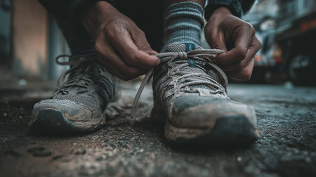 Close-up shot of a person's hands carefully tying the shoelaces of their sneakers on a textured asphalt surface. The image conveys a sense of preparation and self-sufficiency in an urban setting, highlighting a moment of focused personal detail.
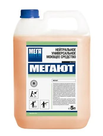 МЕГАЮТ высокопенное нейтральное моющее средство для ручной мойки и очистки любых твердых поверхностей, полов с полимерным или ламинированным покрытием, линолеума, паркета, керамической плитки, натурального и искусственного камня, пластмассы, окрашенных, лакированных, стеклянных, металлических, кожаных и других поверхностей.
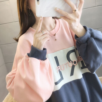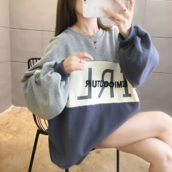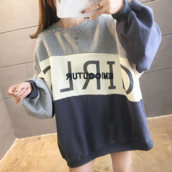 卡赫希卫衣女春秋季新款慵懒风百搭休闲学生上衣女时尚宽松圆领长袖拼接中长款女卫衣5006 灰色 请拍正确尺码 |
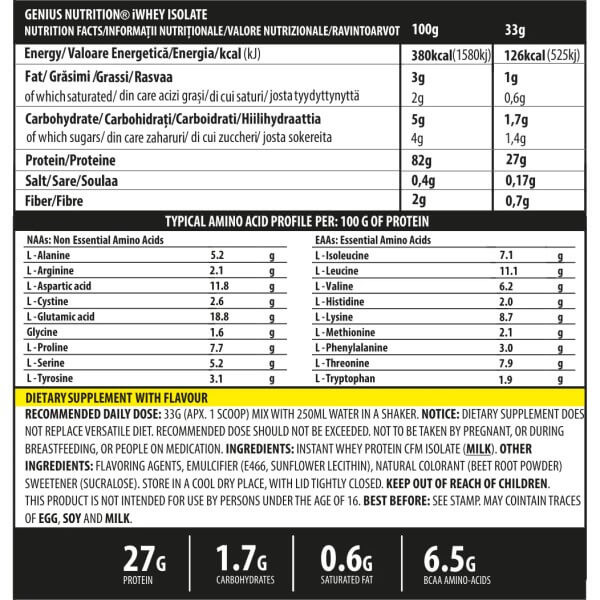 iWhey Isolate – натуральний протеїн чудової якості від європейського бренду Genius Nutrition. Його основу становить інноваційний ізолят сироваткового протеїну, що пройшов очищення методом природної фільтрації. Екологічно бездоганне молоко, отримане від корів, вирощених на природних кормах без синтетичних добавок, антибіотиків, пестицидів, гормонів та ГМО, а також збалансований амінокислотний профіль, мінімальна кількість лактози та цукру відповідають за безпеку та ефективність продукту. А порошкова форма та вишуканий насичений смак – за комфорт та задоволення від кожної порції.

•••••

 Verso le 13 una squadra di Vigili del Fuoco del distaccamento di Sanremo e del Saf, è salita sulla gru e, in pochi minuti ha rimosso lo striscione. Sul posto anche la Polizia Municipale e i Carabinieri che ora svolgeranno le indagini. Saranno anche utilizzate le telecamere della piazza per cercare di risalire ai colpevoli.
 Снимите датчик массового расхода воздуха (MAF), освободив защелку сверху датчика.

•••••

[EXERCISE PROMPT]:
Among the entries above, copy exactly the stretch from the line holding "МЕГАЮТ высокопенное нейтральное" through the line holding "iWhey Isolate –", leaving out any pictures.

[ANSWER TO THE EXERCISE]:
 МЕГАЮТ высокопенное нейтральное моющее средство для ручной мойки и очистки любых твердых поверхностей, полов с полимерным или ламинированным покрытием, линолеума, паркета, керамической плитки, натурального и искусственного камня, пластмассы, окрашенных, лакированных, стеклянных, металлических, кожаных и других поверхностей.
 卡赫希卫衣女春秋季新款慵懒风百搭休闲学生上衣女时尚宽松圆领长袖拼接中长款女卫衣5006 灰色 请拍正确尺码 |
 iWhey Isolate – натуральний протеїн чудової якості від європейського бренду Genius Nutrition. Його основу становить інноваційний ізолят сироваткового протеїну, що пройшов очищення методом природної фільтрації. Екологічно бездоганне молоко, отримане від корів, вирощених на природних кормах без синтетичних добавок, антибіотиків, пестицидів, гормонів та ГМО, а також збалансований амінокислотний профіль, мінімальна кількість лактози та цукру відповідають за безпеку та ефективність продукту. А порошкова форма та вишуканий насичений смак – за комфорт та задоволення від кожної порції.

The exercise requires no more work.